* TASK ITEM: For the material below, return exactly the lines starting at the one holding "- Divide the" and ending at the one holding "Make an unforgettable", counting both as part of the range.

* RECORDS FOR THIS EXERCISE:
┏━━

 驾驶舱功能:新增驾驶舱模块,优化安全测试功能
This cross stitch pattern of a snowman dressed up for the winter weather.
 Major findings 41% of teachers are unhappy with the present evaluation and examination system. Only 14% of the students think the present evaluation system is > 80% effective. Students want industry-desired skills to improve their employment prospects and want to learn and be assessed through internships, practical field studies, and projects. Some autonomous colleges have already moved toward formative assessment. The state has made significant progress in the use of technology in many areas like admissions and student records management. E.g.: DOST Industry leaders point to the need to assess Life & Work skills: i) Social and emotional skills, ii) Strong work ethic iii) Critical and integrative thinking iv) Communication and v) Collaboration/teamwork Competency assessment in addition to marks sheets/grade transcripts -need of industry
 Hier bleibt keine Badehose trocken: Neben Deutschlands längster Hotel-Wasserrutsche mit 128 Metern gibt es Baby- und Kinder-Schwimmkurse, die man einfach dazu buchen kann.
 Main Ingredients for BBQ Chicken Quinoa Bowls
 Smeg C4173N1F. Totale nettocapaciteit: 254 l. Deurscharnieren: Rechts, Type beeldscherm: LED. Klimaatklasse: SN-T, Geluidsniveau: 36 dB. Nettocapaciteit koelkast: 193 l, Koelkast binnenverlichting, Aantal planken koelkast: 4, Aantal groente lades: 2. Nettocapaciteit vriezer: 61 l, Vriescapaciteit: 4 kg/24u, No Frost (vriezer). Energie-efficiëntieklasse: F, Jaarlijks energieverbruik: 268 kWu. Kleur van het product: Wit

┗━━
┏━━

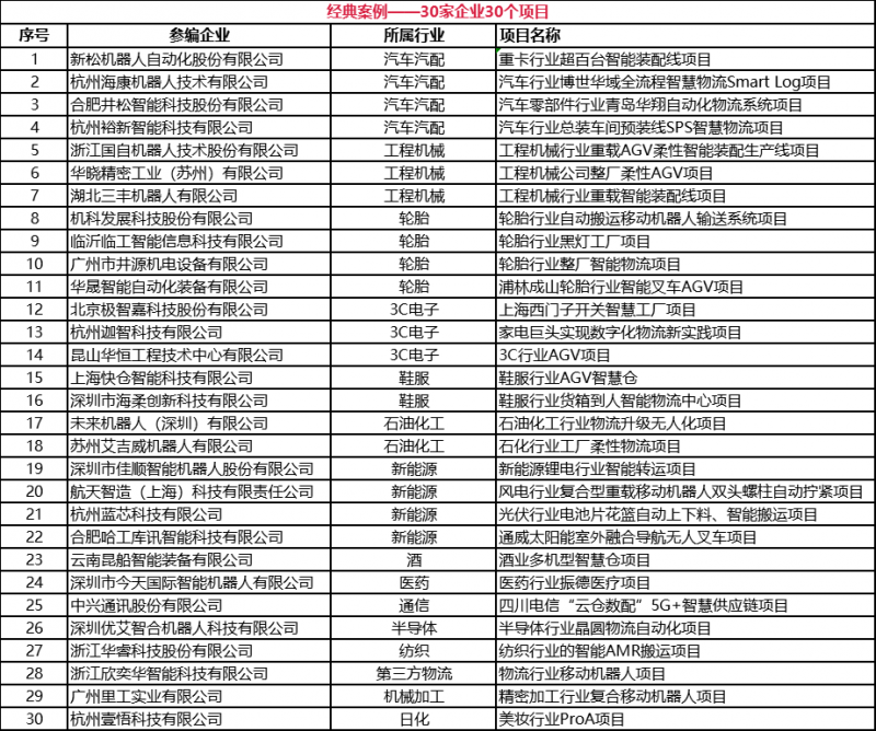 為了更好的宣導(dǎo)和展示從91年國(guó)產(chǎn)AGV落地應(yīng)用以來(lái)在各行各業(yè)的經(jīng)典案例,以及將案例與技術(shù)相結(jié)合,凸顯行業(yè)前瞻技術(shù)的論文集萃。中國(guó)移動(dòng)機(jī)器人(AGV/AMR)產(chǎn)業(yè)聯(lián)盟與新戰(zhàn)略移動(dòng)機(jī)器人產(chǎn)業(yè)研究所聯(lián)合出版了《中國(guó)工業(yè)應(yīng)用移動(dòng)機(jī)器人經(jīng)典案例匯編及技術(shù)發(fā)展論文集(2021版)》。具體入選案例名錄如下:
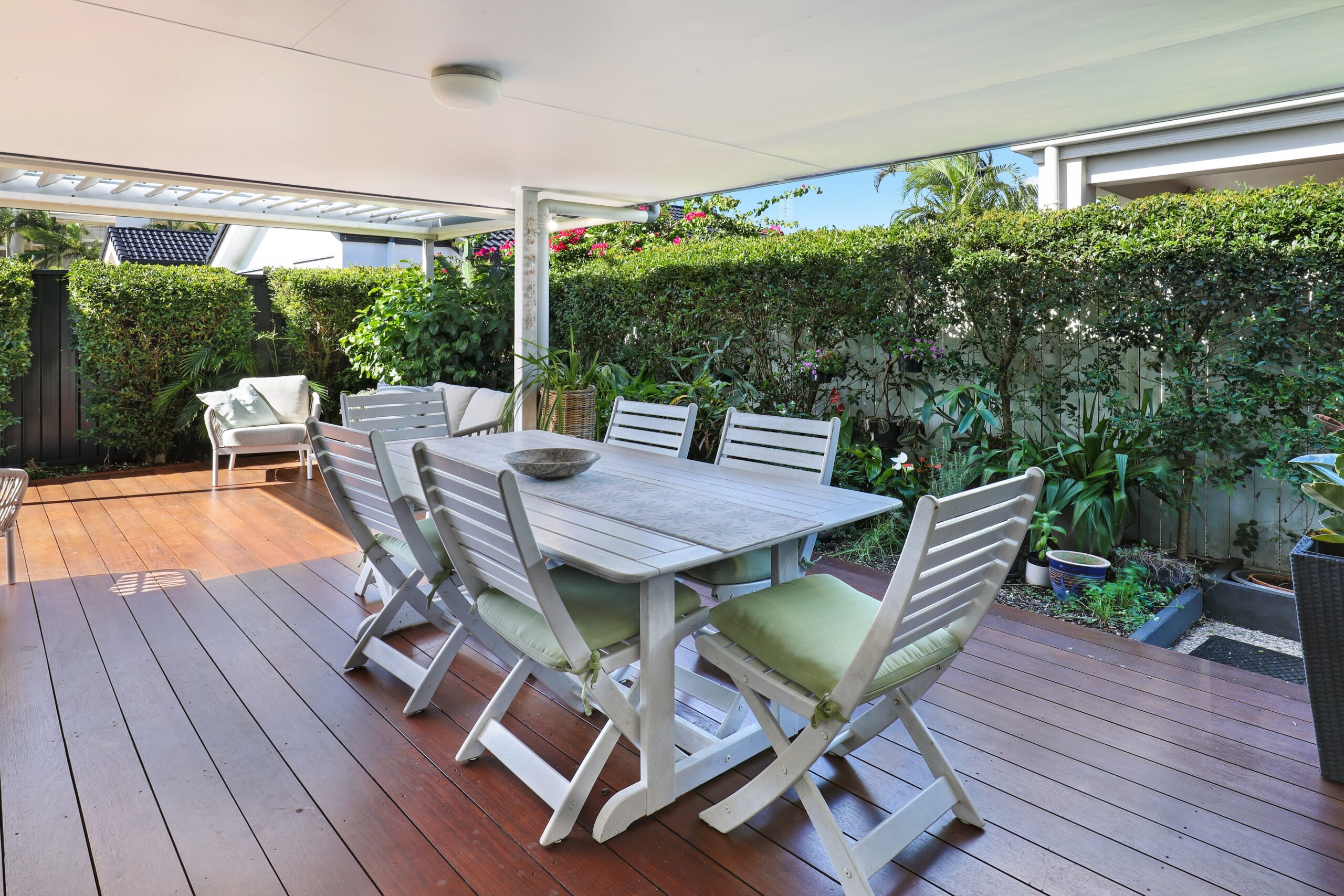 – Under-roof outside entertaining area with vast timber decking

┗━━
┏━━

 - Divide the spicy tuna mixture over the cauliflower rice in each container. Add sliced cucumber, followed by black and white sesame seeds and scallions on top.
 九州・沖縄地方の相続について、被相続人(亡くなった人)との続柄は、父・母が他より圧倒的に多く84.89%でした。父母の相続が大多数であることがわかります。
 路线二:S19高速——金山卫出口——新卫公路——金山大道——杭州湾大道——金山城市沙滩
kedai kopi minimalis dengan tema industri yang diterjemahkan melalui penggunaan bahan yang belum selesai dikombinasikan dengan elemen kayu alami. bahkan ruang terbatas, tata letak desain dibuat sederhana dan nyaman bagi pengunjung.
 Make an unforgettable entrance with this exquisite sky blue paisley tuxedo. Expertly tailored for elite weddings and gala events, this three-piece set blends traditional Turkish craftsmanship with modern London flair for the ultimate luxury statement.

┗━━

* THE ANSWER:
 - Divide the spicy tuna mixture over the cauliflower rice in each container. Add sliced cucumber, followed by black and white sesame seeds and scallions on top.
 九州・沖縄地方の相続について、被相続人(亡くなった人)との続柄は、父・母が他より圧倒的に多く84.89%でした。父母の相続が大多数であることがわかります。
 路线二:S19高速——金山卫出口——新卫公路——金山大道——杭州湾大道——金山城市沙滩
kedai kopi minimalis dengan tema industri yang diterjemahkan melalui penggunaan bahan yang belum selesai dikombinasikan dengan elemen kayu alami. bahkan ruang terbatas, tata letak desain dibuat sederhana dan nyaman bagi pengunjung.
 Make an unforgettable entrance with this exquisite sky blue paisley tuxedo. Expertly tailored for elite weddings and gala events, this three-piece set blends traditional Turkish craftsmanship with modern London flair for the ultimate luxury statement.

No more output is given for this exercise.